Saved by Good Samaritan
But for the timely appearance of a Good Samaritan, Latifa Adams would have ended up dead in a Kuwaiti hospital. Fate brought her in contact with Hajia Adiza, head of the Ghanaian Community in Kuwait, and Alhaji Said Sinare, Ghana’s Ambassador to the Kingdom of Saudi Arabia. The two personalities played crucial roles in getting her back to Ghana where she is now receiving treatment.
Aside from footing the bills for her hospital treatment in Kuwait, Ghana’s envoy to Saudi Arabia, Alhaji Said Sinare, paid for her flight back home, and he currently harbours her at his residence in Labone, Accra, even as he continues to shoulder responsibility for her medical bills at the Korle-Bu Teaching Hospital in Accra.
“I came in contact with Latifa when I was about to pay a courtesy call on the Ghanaian Community in Kuwait,” recalls Alhaji Sinare. “I heard about her plights from Hajia Adiza, who is the leader of the Ghanaian Community in Kuwait. So, I went to the hospital with my deputy, Mr. Nsiah, together with my wife, Hajia Adiza and her husband.”
He explains why he had to fly her back home for treatment. His words: “The treatment she was getting over there was not the best. It will surprise you to know that with all these burns, not a single antibiotic was given to her. So, I had her brought to Ghana so doctors could look after her properly. Now, she is going to have surgery done from her neck area to her thighs.”
Currently, she goes to dress her wounds twice a week. The medical expenses, along with her feeding and transportation, are borne by the diplomat.
Every few months, a few hundred African and Asian maids are repatriated on flights organized by international groups and paid for by the Kuwaiti Government. According to the Ghana ambassador, every day, three or four more Ghanaian maids arrive with tales of withheld salaries, 20- hour workdays, beatings and rape, thereby turning Hajia Adiza’s abode to a sanctuary for refugees.
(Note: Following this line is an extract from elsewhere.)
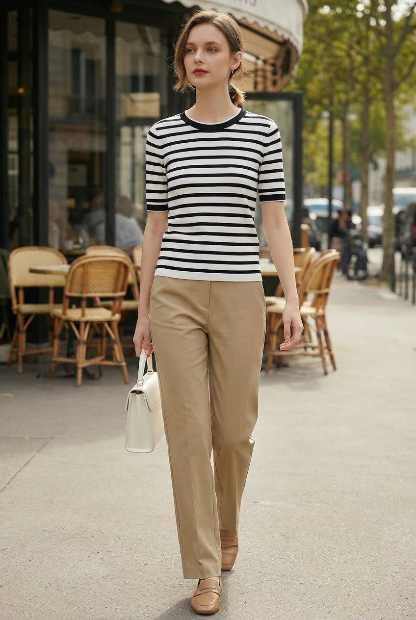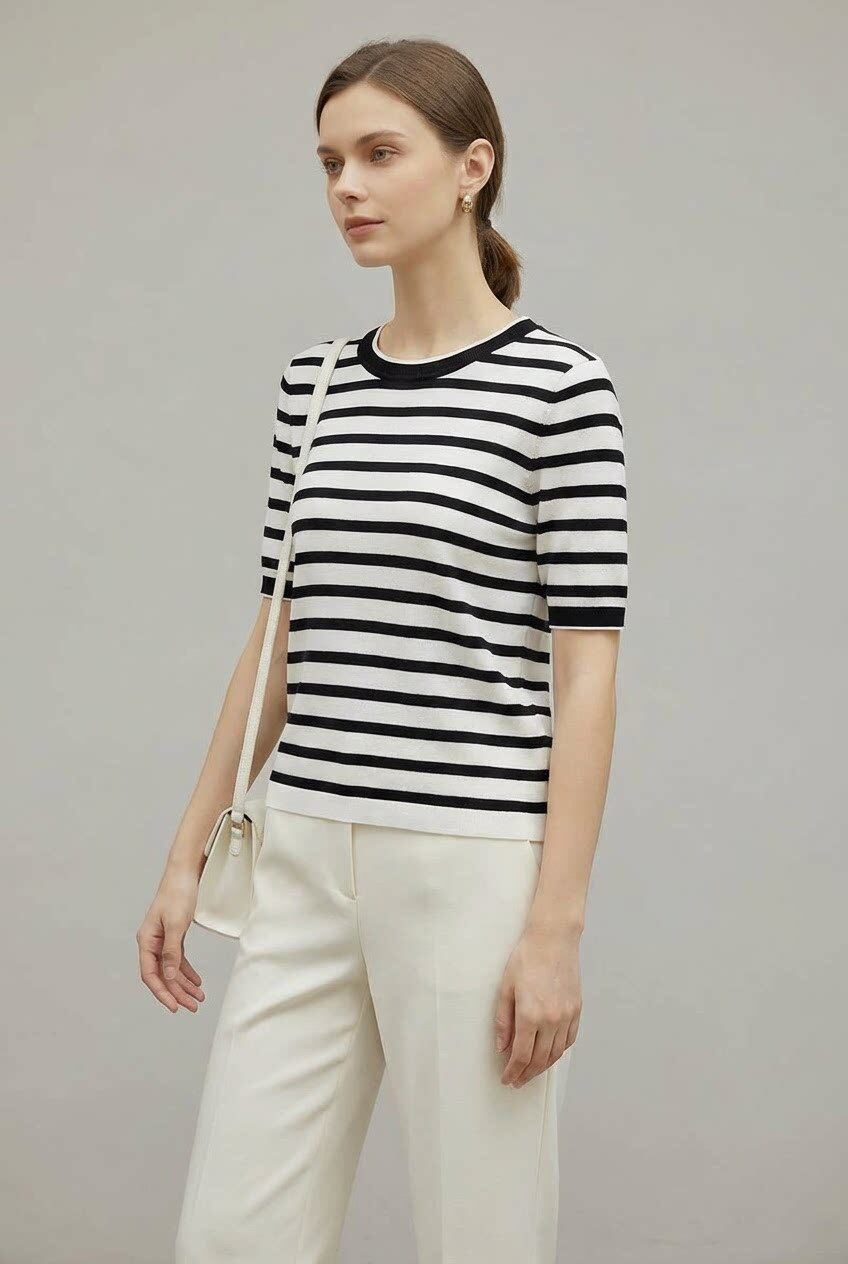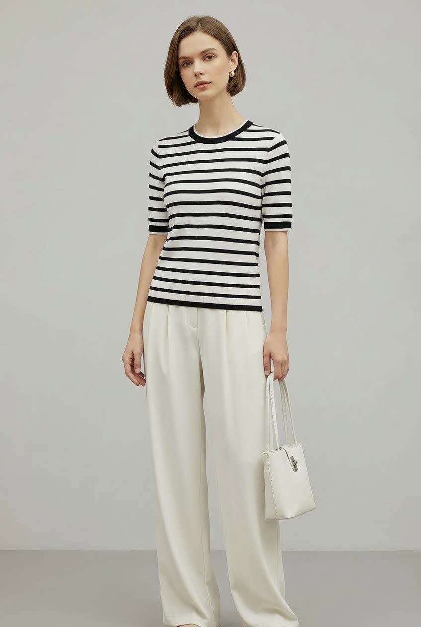 「自」全新升级【铂金会员183/天猫239/差价56】(23707)洛诗琳超细天丝条纹针织短袖女2026春夏新款圆领套头上衣

Alhaji Sinare, who asserts that “the ordeals that some maids go through are appalling,” further explains that “there exists a significant and pervasive pattern of rape, physical assault and mistreatment of Ghanaian maids that takes place largely with impunity.”
Calling for measures to halt these incidents from happening to innocent migrants, he opines that “what is needed is proper legal instrument to protect against maltreatment.”
He says: “I have made some recommendations to the ministry to look at the issue of the “Visa 20” – visas that are issued to housemates who want to work in Kuwait. I have urged them to cancel it. Even though it might affect certain parties, the overall assessment of it suggests we are better off without it.
Latifa’s issue isn’t the only one horrifying case. There are so many girls out there in Kuwait who are having a hard time. The maltreatment over there is so bad. It is pure slavery and it is evil. I just don’t know how to describe this,” the diplomat laments.